== Segment start ==

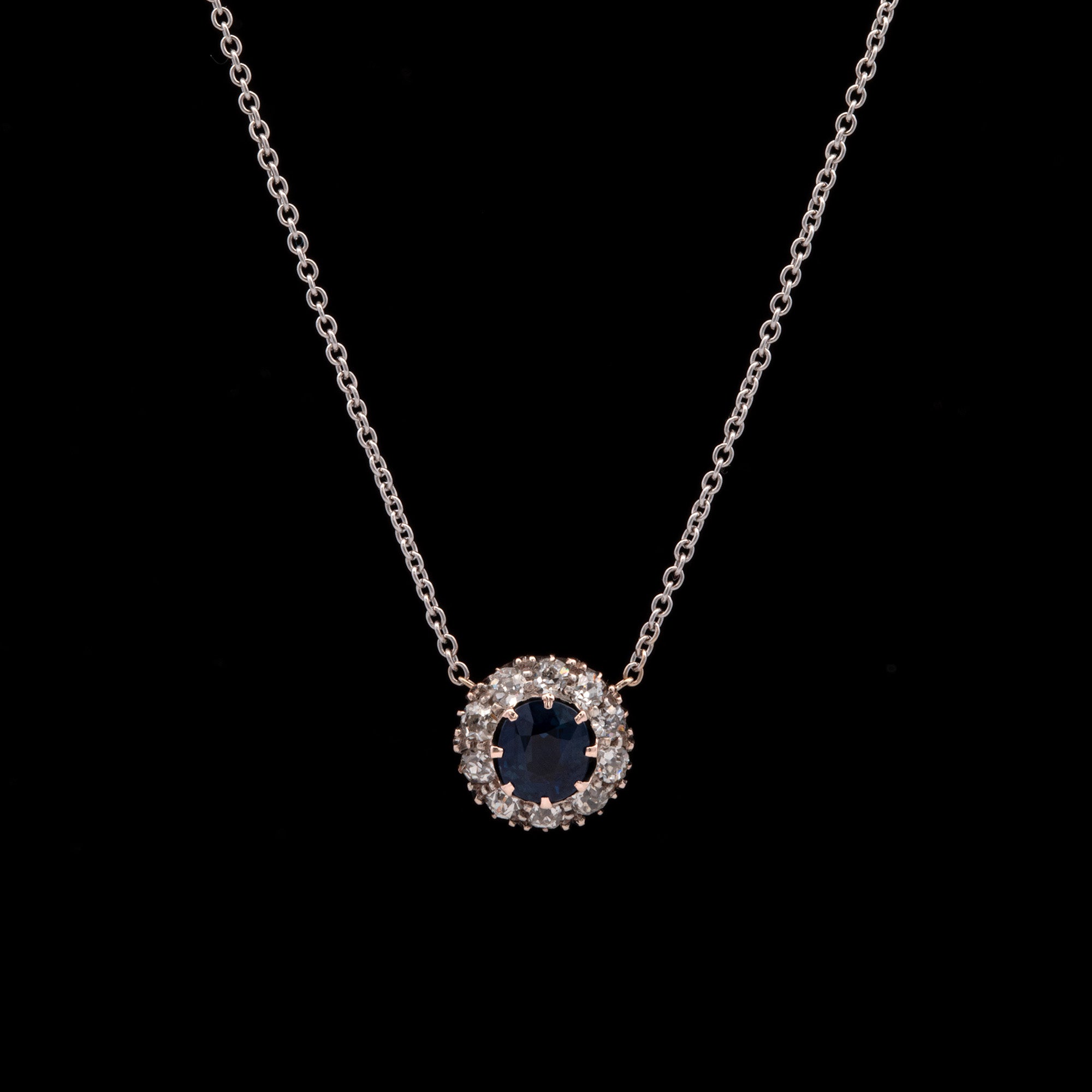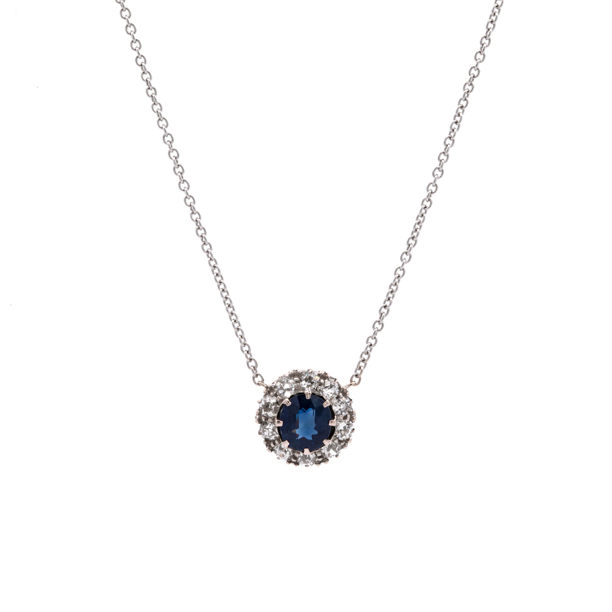 14K White Gold "Pailin No Heat" Blue Sapphire And Diamond Halo Necklace. Pailin Sapphire Weighs 0.85 Cartas; AGL Certified. Diamonds Weigh A Total Of 0.30 Carats.
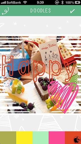 ボーダー(フレーム)、テキスト、手書きデコレーションパーツなどは、配置した後に拡大/縮小したり、画面下のカラーをタップするだけで色を変えることが出来ます。
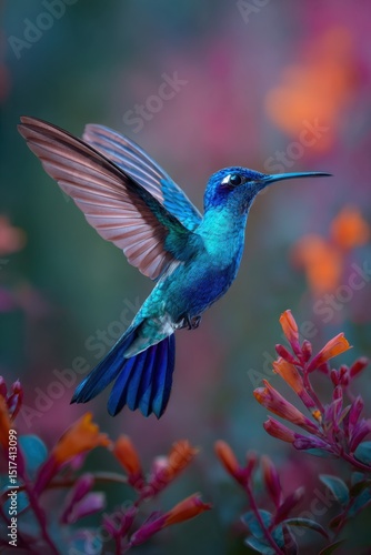 hummingbird, bird, nature, flower, nectar, beauty, wildlife, animal, tropical, flying, flora, fauna, environment, colours, vibrant, wing, beak, feather, garden, spring, summer, botanical, floral, outdoors, closeup, detailed, colourful, natural, small, avian, pollination, pollinator, ecological, ecosystem, wild, orange, pink, green, blue, light, shadow, background, foreground, portrait
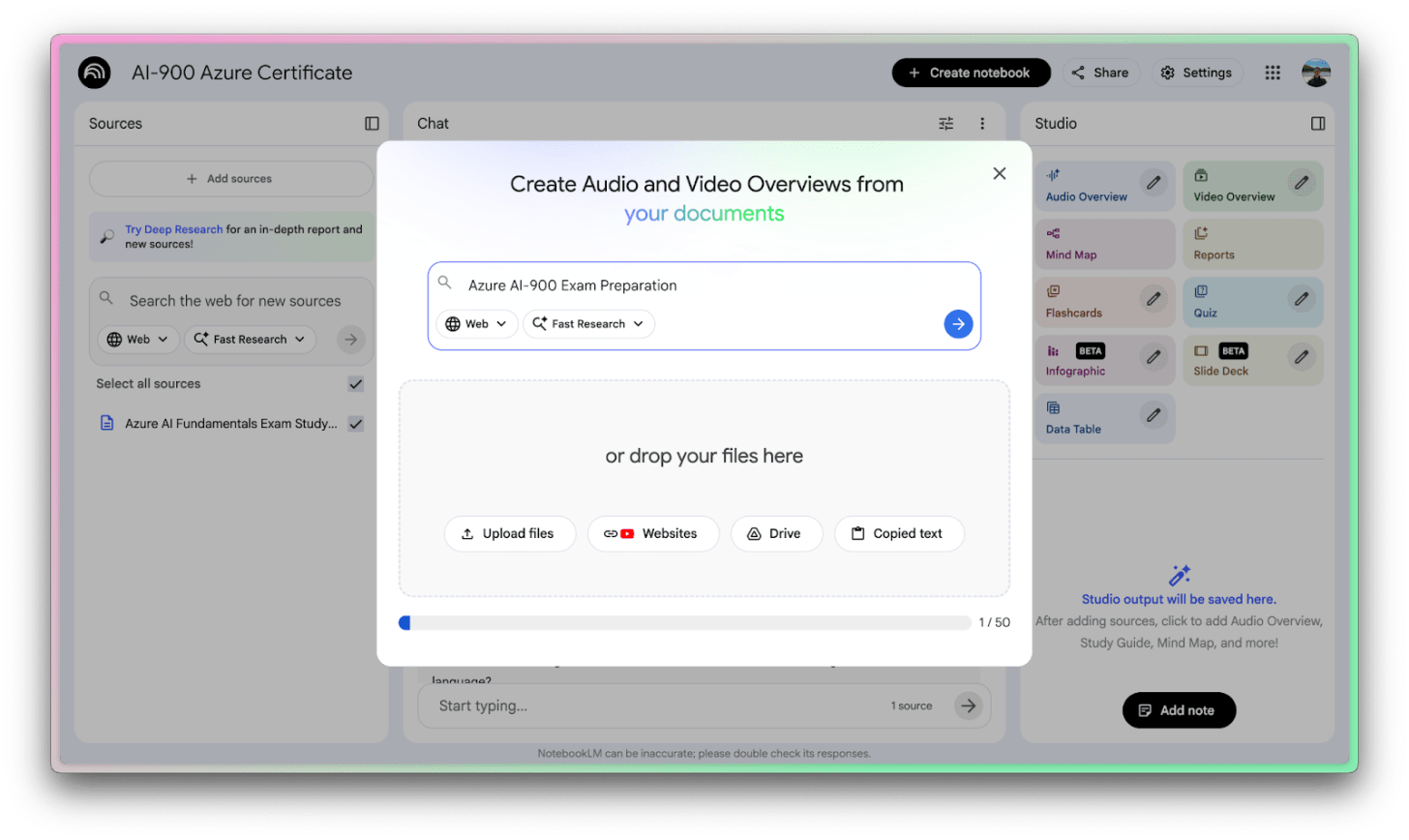 Since I’m currently studying for my Azure AI-900 certification, we’ll use my study materials as our example! There are two ways to get information into NotebookLM:
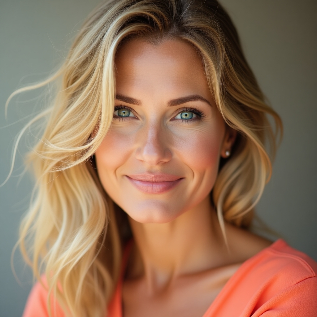 Flux Dev Realistic natural portrait of a 30 woman with warm sp 0 4
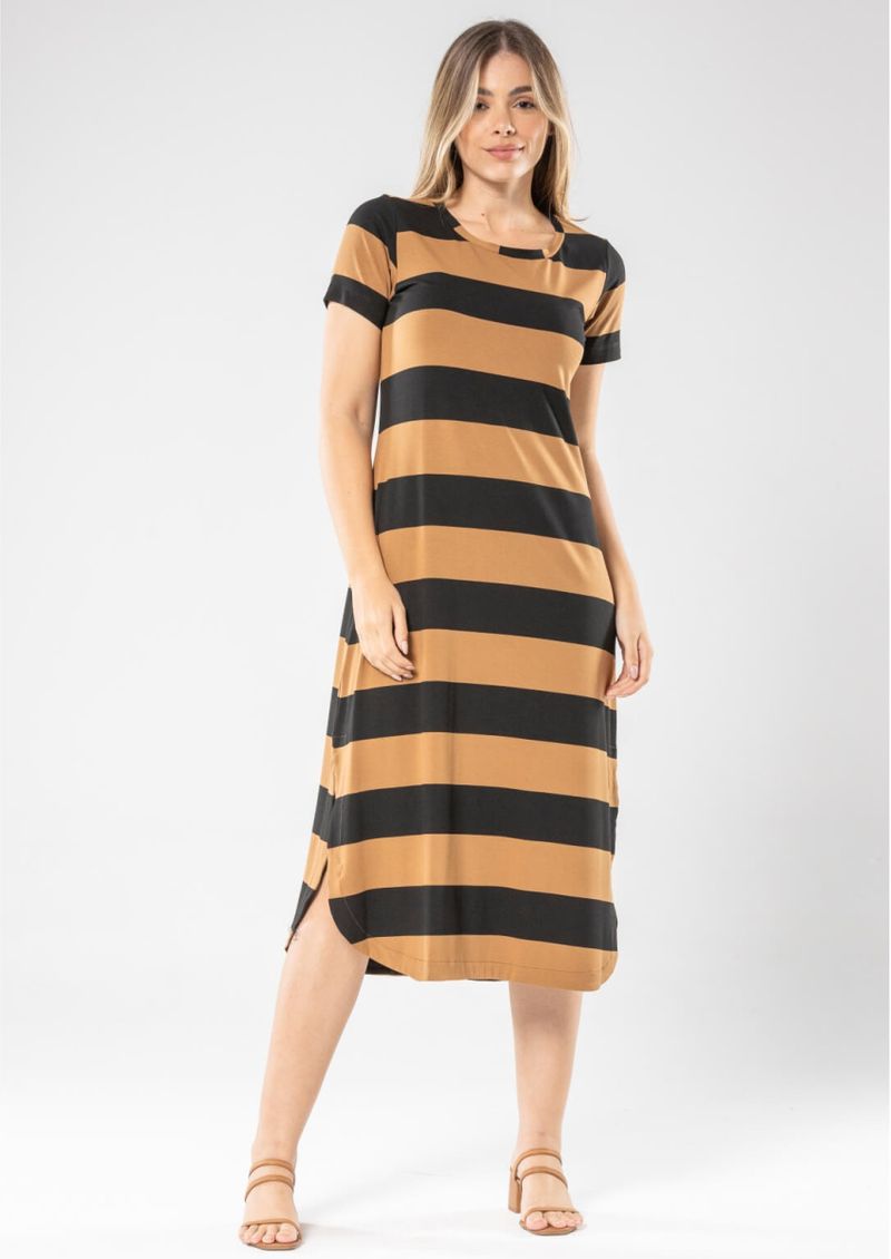 Vestido manga curta e decote redondo. Listrado em Preto e Marrom Claro. Possui barra arredondada e aberturas laterais proporcionando muito mais charme ao modelo. O comprimento midi abaixo do joelho, geralmente termina na canela e oferece um toque de sofisticação. Confira!!! Composição da malha: Confeccionado em 92% Viscose e 8% Elastano. Medidas Aproximadas: P: 116cm Comprimento x 92cm Busto x 88cm Cintura x 102cm Quadril. M: 118cm Comprimento x 98cm Busto x 94cm Cintura x 108cm Quadril. G: 120cm Comprimento x 104cm Busto x 100cm Cintura x 114cm Quadril. GG: 122cm Comprimento x 110cm Busto x 106cm Cintura x 120cm Quadril. XL: 124cm Comprimento x 116cm Busto x 112cm Cintura x 126cm Quadril. Todos os dados informados são aproximados, do peso às medidas. ATENÇÃO PARA AS MEDIDAS. MODELAGEM AMPLA. *Modelo está usando o tamanho P*
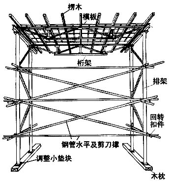 ⑵梁底板下用顶撑(琵琶撑)支设,顶撑间距视梁的断面大小而定,一般0.8~1.2m,顶撑之间应设水平拉杆和剪刀撑,使之互相拉撑成为一整体,当梁底距地面高度大于6m时,应搭设排架或满堂红脚手架支撑;为确保顶撑支设的坚实,应在夯实的地面上设置垫板和楔子。
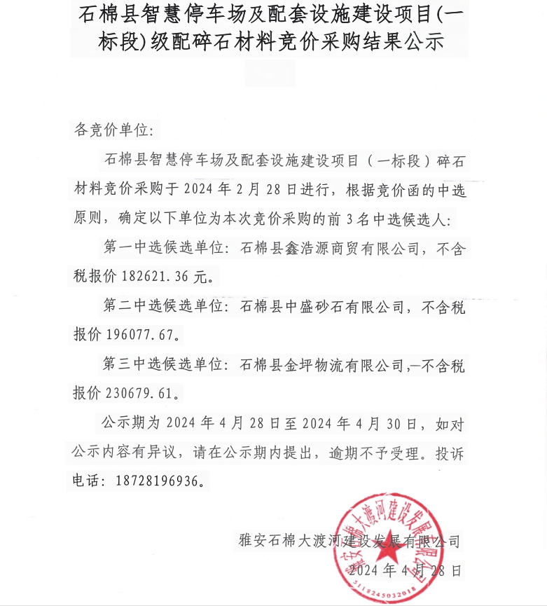 石棉縣智慧停車場及配套設(shè)施建設(shè)項目(一標段)級配碎石材料競價采購結(jié)果公示
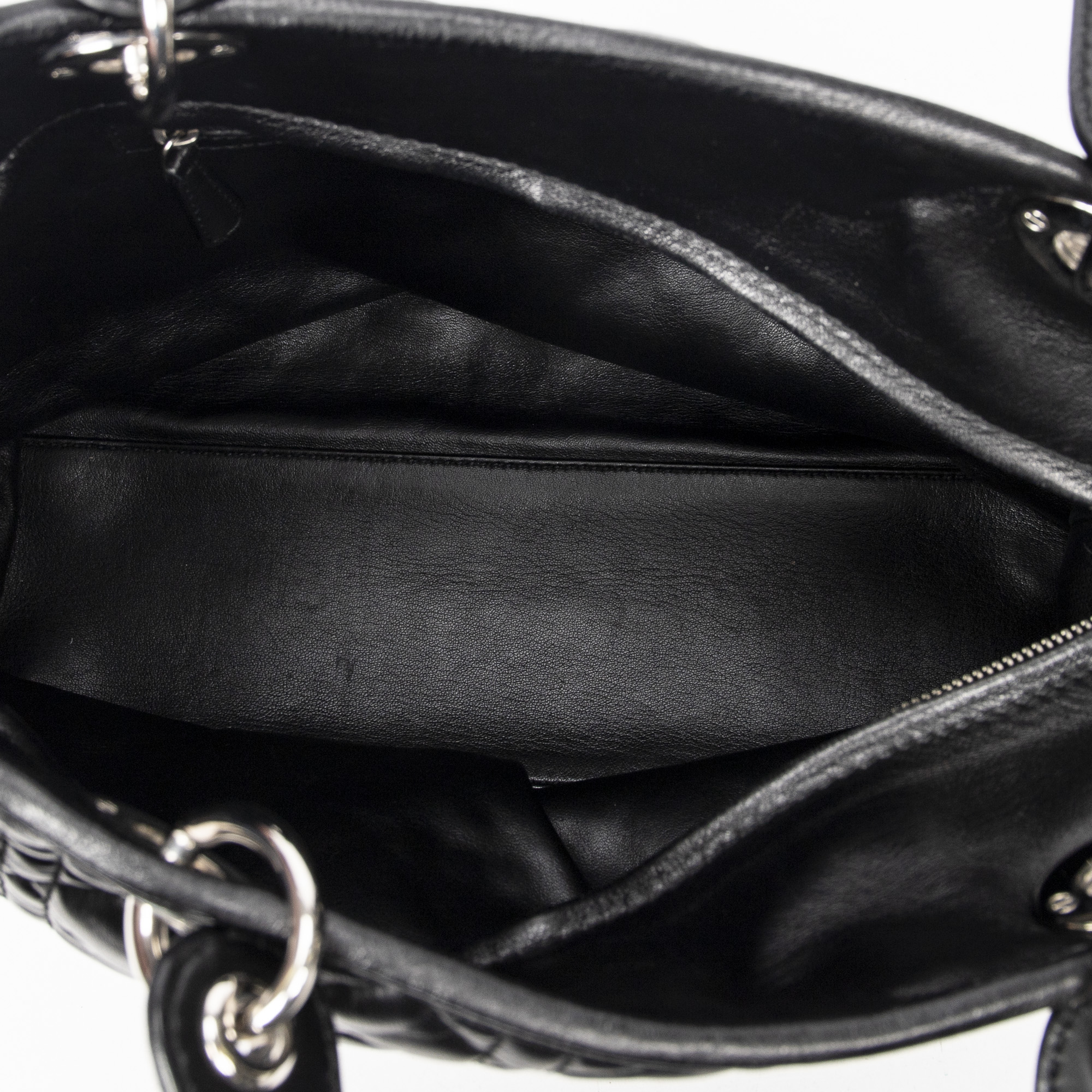 Dior Shoulder bag Medium Soft Shopping Tote in Black Cannage Lambskin Leather and Silver hardware. The product is in Excellent Condition (A).
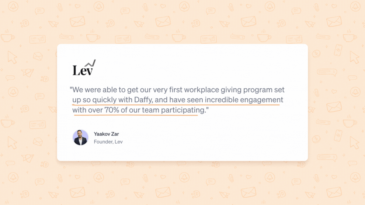 Join the ranks of modern companies like Acorns, Lev, OpenAI, Titan, and XYZ, who have already embraced Daffy for Work. To make it easy to share within your organization, we have prepared this email template for you to introduce Daffy for Work to your HR team and help foster a culture of giving and philanthropy within your own workplace.
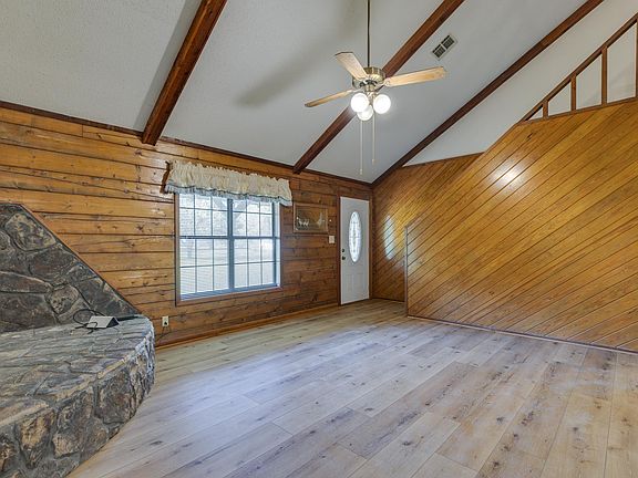 Welcome to this beautiful log home sitting on just under 2 acres with a concrete driveway, large front yard, and a full-length front porch perfect for relaxing outdoors. Step inside to the inviting living room featuring an accent wood wall, exposed wood beams, and a pitched ceiling that adds warmth and character. From the living room, a small hallway leads to a full bathroom with tile flooring and tile countertops and a bedroom complete with a walk-in closet, built-in desk, and custom cabinetry. The spacious primary suite is also on the main floor and offers a built-in vanity, cabinetry and drawers, a large walk-in closet with shelving, and an en suite bathroom with double sinks, tiled countertops, and a massive jetted soaking tub with stone step-ups. Just off the living room, the dining area includes a built-in desk and opens to the full-length back porch overlooking the fenced backyard. The kitchen features a large island with bar seating, tile countertops, and an abundance of cabinets and built-ins. Nearby, the laundry room provides additional built-in cabinets and tile counters. At the end of the hall, you’ll find the two-car garage with two storage closets. Outside, there’s a massive shop with a roll-up door, covered RV parking, and an additional detached covered carport—perfect for storage, hobbies, or equipment. Upstairs, to the right is a bedroom with a walk-in closet, built-in shelving, desk, and a wood accent wall. To the left, you’ll find a spacious den with built-in cabinets and countertop, a full bathroom with tile finishes, and another bedroom featuring a built-in desk, cabinetry, and walk-in closet with shelving. This well-maintained property offers endless space, custom built-ins throughout, and the charm of rustic design blended with functional living.
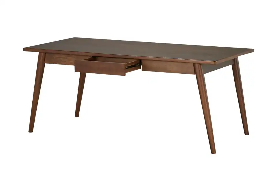 Die Serie Tweed Me entführt Sie in längst vergangene Zeiten und bringt Wiener Eleganz in Ihre vier Wände. So auch der Esstisch aus dunklem, schön gemasertem Mango-Massivholz. Die vier konischen, schräg zulaufenden Massivholzfüße tragen die 180 x 90 cm große Tischplatte zuverlässig und versprühen dabei einen einzigartigen Charme. Unter der Tischplatte befindet sich auf jeder der langen Seiten ein praktisches Schubfach. Hier können Sie Servietten oder kleine Besteckkästen unterbringen.Lieferung & Versand
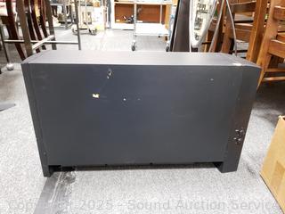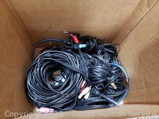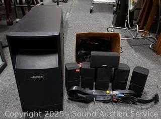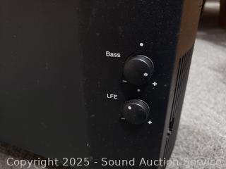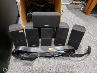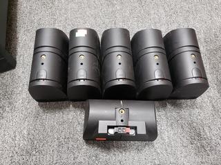 Small speakers all work, the sub unsure how to test, input is massive ribbon cable, no power cord. 1 center, 5 satellite speakers & subwoofer.
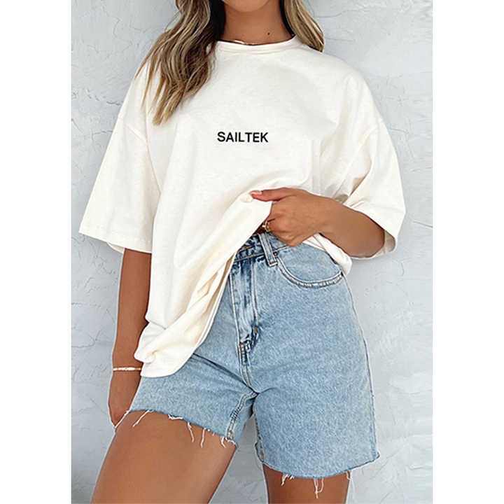 Short sleeve heavy cotton t shirt for women 100% cotton high quality custom printing women's t-shirts
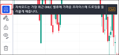 가장 가까운 캔틀 차트에 자동으로 선이 붙게 해 줍니다. 이 도구도 단축키가 지정되어 있어서 단축키를 이용하시는 편이 훨씬 편할 것 같습니다. (단축키는 [Ctrl]입니다.)

== Segment end ==

Only the lines that lie between the start of the listing and the line containing "ボーダー(フレーム)、テキス", both included, belong in the answer; write them out exactly and omit pictures.

 14K White Gold "Pailin No Heat" Blue Sapphire And Diamond Halo Necklace. Pailin Sapphire Weighs 0.85 Cartas; AGL Certified. Diamonds Weigh A Total Of 0.30 Carats.
 ボーダー(フレーム)、テキスト、手書きデコレーションパーツなどは、配置した後に拡大/縮小したり、画面下のカラーをタップするだけで色を変えることが出来ます。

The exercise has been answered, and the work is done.